***** SUPPLIED RECORDS
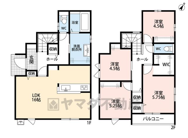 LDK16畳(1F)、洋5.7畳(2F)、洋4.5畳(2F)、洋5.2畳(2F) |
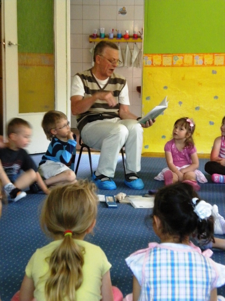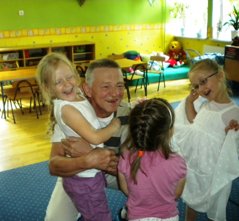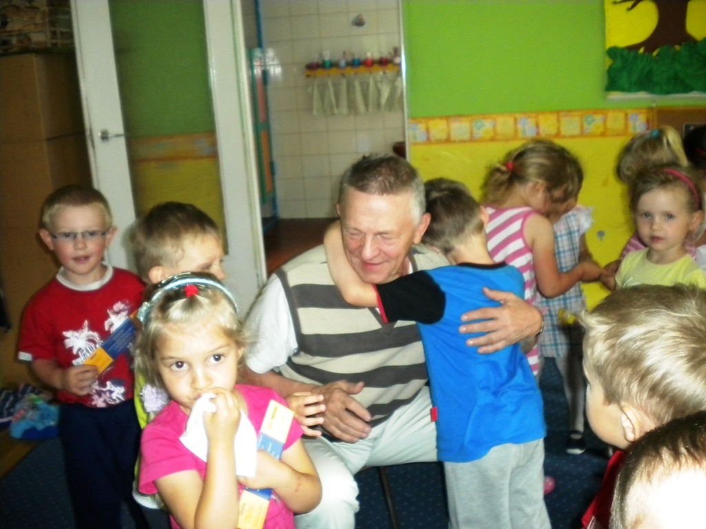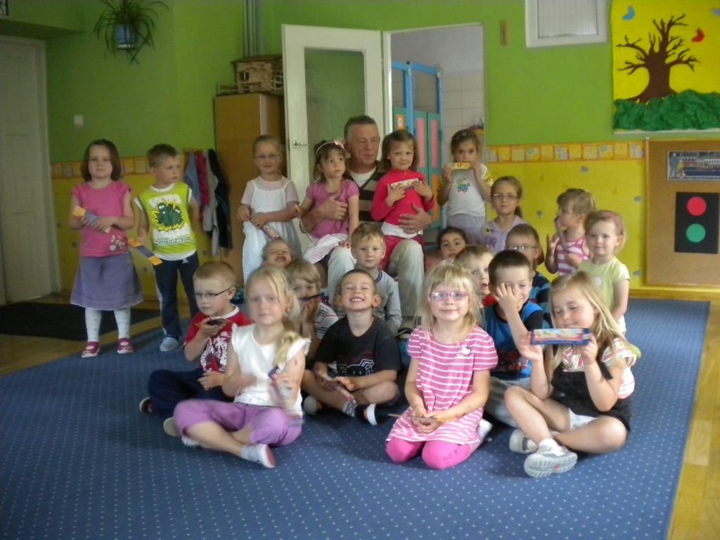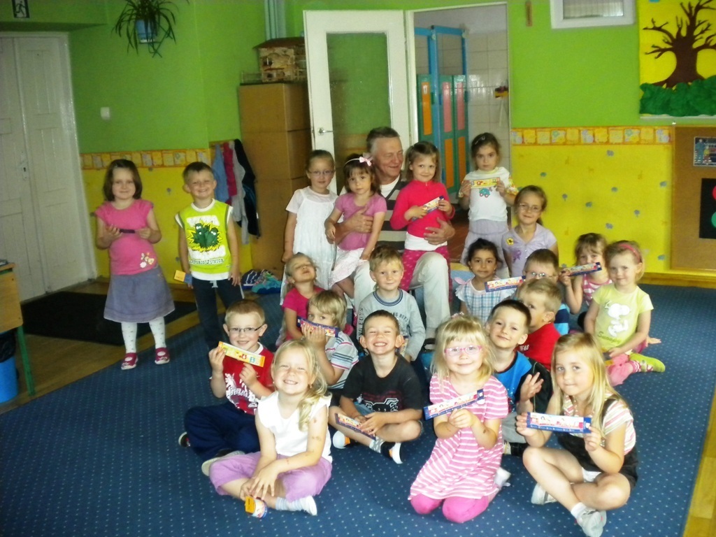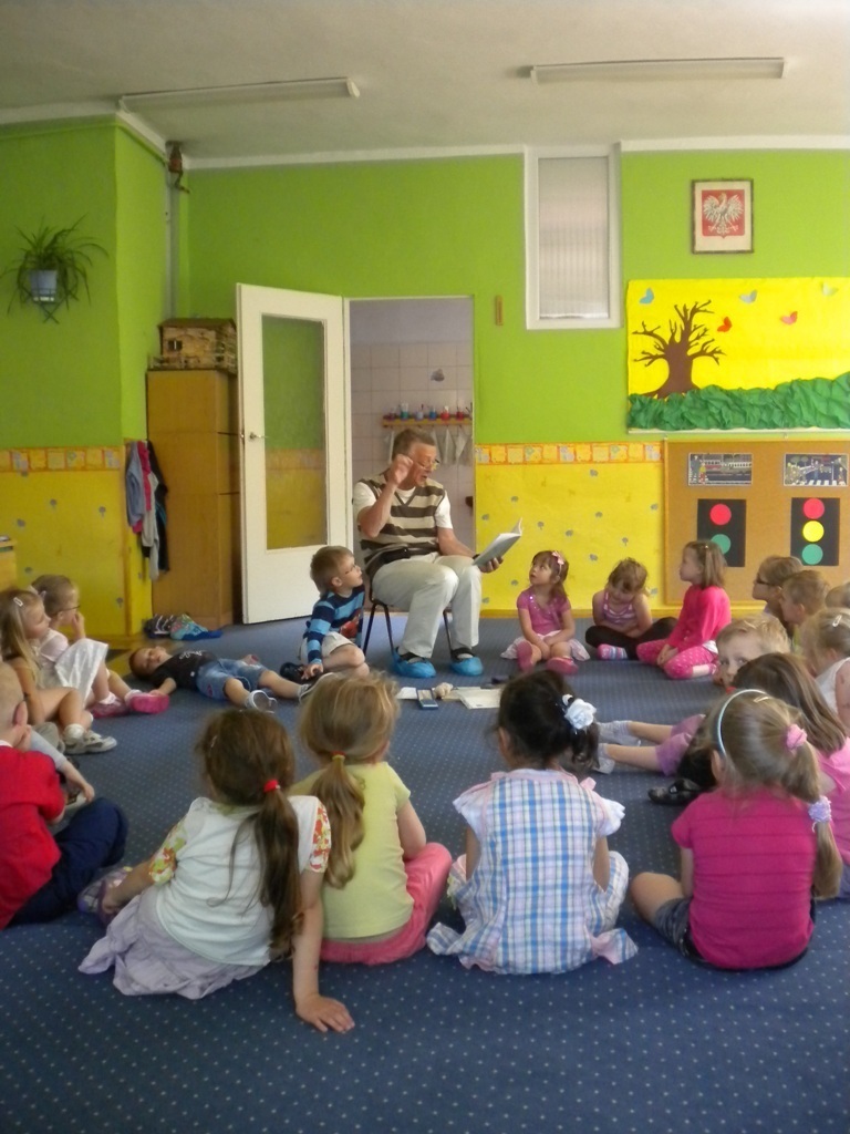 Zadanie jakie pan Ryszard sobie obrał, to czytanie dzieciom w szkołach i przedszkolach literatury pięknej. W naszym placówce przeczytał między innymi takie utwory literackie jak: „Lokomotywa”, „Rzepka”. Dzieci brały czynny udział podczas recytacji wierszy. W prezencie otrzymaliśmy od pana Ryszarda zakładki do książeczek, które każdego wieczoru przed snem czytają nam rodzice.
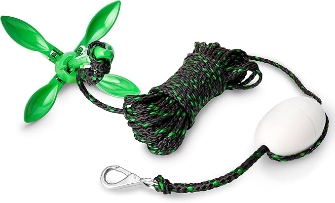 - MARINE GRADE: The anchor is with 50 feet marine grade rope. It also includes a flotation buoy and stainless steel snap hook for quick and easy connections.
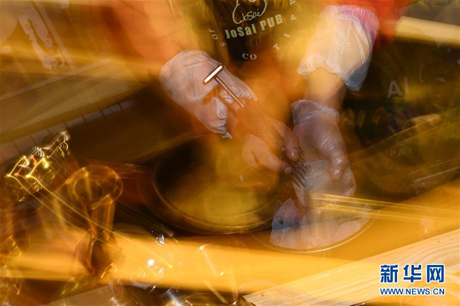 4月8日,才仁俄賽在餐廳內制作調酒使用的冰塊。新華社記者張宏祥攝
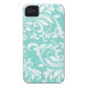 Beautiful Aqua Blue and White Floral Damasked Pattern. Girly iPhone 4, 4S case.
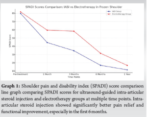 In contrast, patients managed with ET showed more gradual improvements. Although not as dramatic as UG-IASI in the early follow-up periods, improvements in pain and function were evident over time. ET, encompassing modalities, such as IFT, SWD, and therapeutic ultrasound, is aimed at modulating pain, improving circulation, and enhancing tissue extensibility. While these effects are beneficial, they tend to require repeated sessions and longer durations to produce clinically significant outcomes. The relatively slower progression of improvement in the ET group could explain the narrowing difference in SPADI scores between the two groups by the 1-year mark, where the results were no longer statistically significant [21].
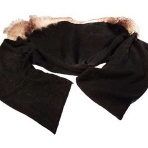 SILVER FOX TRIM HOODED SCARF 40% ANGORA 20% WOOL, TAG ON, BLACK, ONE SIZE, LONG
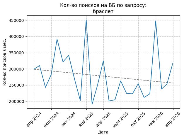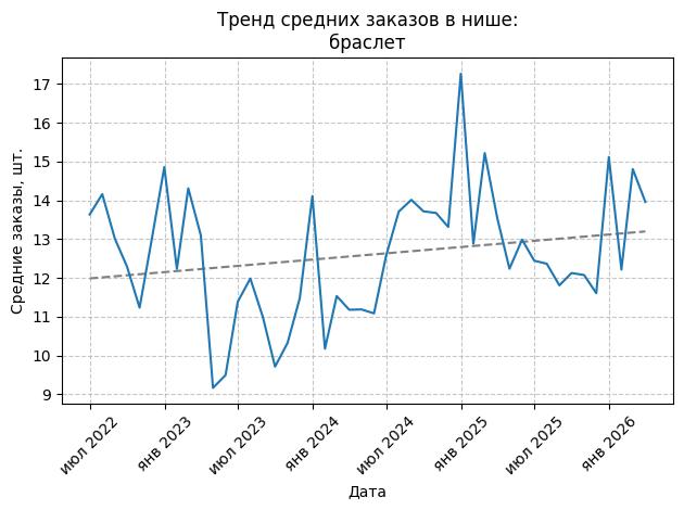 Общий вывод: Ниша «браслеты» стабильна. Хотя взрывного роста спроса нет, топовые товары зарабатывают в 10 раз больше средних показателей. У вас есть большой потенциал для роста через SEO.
**********
## WHAT THE TASK REQUIRES
Restate, line by line and word for word, everything from the top of the material through the line that contains "Beautiful Aqua Blue". Leave pictures out.

## SOLUTION FOR THIS PROBLEM
 LDK16畳(1F)、洋5.7畳(2F)、洋4.5畳(2F)、洋5.2畳(2F) |
 Zadanie jakie pan Ryszard sobie obrał, to czytanie dzieciom w szkołach i przedszkolach literatury pięknej. W naszym placówce przeczytał między innymi takie utwory literackie jak: „Lokomotywa”, „Rzepka”. Dzieci brały czynny udział podczas recytacji wierszy. W prezencie otrzymaliśmy od pana Ryszarda zakładki do książeczek, które każdego wieczoru przed snem czytają nam rodzice.
 - MARINE GRADE: The anchor is with 50 feet marine grade rope. It also includes a flotation buoy and stainless steel snap hook for quick and easy connections.
 4月8日,才仁俄賽在餐廳內制作調酒使用的冰塊。新華社記者張宏祥攝
 Beautiful Aqua Blue and White Floral Damasked Pattern. Girly iPhone 4, 4S case.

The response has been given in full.